The first aforementioned evaluation (i.e. predicting the gross phase) was intended to test whether the forecast system can accurately predict upcoming epidemic events while not predicting spurious epidemics during a dormant phase. The forecast was assessed against the entire duration of an event (i.e., a dormant period or epidemic period as defined above). A phase prediction was deemed accurate if the predicted epidemic trajectory included an epidemic during the predicted period; similarly, it was deemed accurate if there was no predicted epidemic during a dormant period. For example, for a forecast made at Week 10, within a dormant period lasting from Week 5 to Week 30, a phase prediction is deemed accurate if the forecast time series over Weeks 5–30 does not include two consecutive weeks exceeding the baseline, but inaccurate if otherwise.

The second evaluation was used to assess whether a forecast system can accurately predict the timing of onset, the peak timing (i.e., the week with the maximum ILI+), the peak magnitude (i.e., the maximum ILI+), and the epidemic duration. All these specific metrics are of potential interest to public health officials for planning influenza-related intervention measures. The accuracy of these metric forecasts was evaluated by comparing the target and the predicted metric. If the week of forecast initiation was within a dormant period and an epidemic was predicted during the following 40 weeks, the predicted epidemic would be evaluated against the metrics of the next observed epidemic (i.e., timing of onset, peak, ending, and peak magnitude); if the week of forecast initiation was within an epidemic period, and a second epidemic was predicted during the 40-week forecast, the predicted epidemic would be evaluated against the current epidemic episode.

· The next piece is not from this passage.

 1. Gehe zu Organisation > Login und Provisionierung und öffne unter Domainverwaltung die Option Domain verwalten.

Two evaluation standards were adopted. For the stricter standard, predictions of the week of onset, peak timing, or duration were deemed accurate if they exactly matched observations, and predicted peak magnitude was deemed accurate if it fell within ±20% of the observed ILI+ value. For the looser standard, predictions of epidemic onset or peak within ±1 week of observation, duration within ±2 weeks of observation, and peak magnitude within ±50% of the observation were deemed accurate.

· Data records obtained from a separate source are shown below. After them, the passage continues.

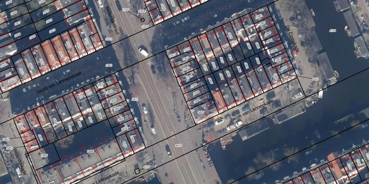 Het perceel waarop het adres ligt is ASD13-Q-1900. De afkorting 'ASD13' staat voor kadastrale gemeente Amsterdam. Het perceel is 62 m² groot. Dat is kleiner dan de gemiddelde perceeloppervlakte in Amsterdam, dat op 392,9 m² ligt. Het kleinste perceel in de kadastrale gemeente is 1 m² groot. De grootste perceeloppervlakte is 4,8 ha. Op het perceel zijn 4 adressen aanwezig. De laatste wijziging in het de Basisregistratie Kadaster (BRK) was op 03-11-2006.
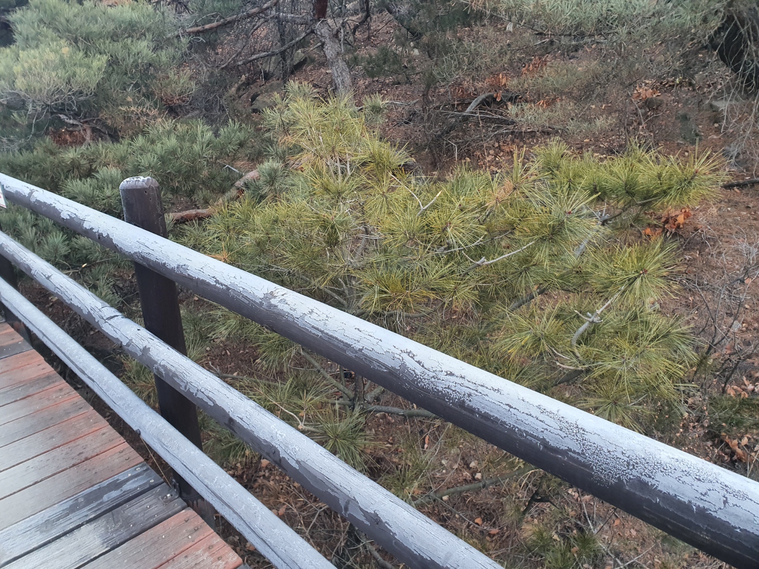 아래 사진은 갔다온지는 좀 됬지만 지금까지 가장 일찍 간 산을 찍은 사진이다. 추워서 그런지 난간도 서리가 내렸다.
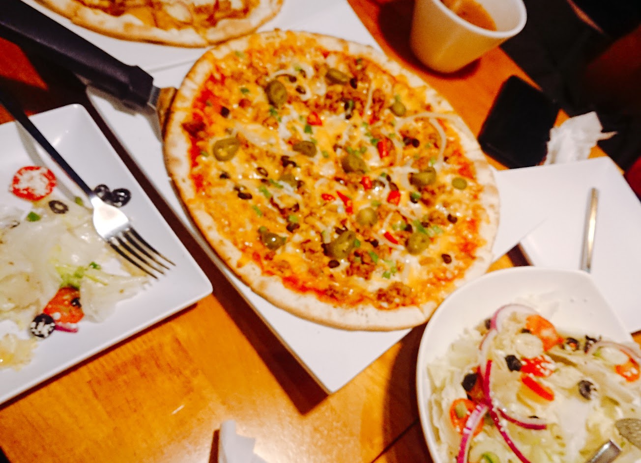 沙拉新鮮好吃,pizza餅皮香薄酥脆,佐料豐美味濃,每種口味分明不會膩。

### Simple analog forecast

To test whether the filter methods outperform a naïve method, we also performed a simple analog forecast predicting the peak timing for the four ILI+ time series. The times from the onset to the peak for each epidemic over the entire study period were compiled from each time series; these historical records formed a database of time-to-peak for each strain or all strains combined (S1 Fig). For each time series, a weekly forecast was generated when ILI+ of the week exceeded the baseline (same as defined above), by randomly drawing a time-to-peak record from the corresponding database. A prediction was deemed accurate if the predicted peak was within ±1 week of observation. One hundred random forecasts were sampled for each week of each time series. Forecast accuracy was tallied over all samples and compared to the filter methods.

## Results

### Identifying epidemic episodes for each strain

With the prescribed baselines and definitions of onset and ending, we identified 14 epidemics of H1N1 (including 10 epidemics of seasonal H1N1 during 1998–2009 and 4 epidemics of the pandemic H1N1 since 2009), 16 epidemics of H3N2 and 14 epidemics of influenza B during 1998–2013. For the combined strain time series, for which multiple concurrent epidemics of co-circulating strains could overlap and be counted as one single epidemic, there were 19 influenza epidemics during 1998–2013. Fig 1 shows these time series along with the onset and ending of each epidemic.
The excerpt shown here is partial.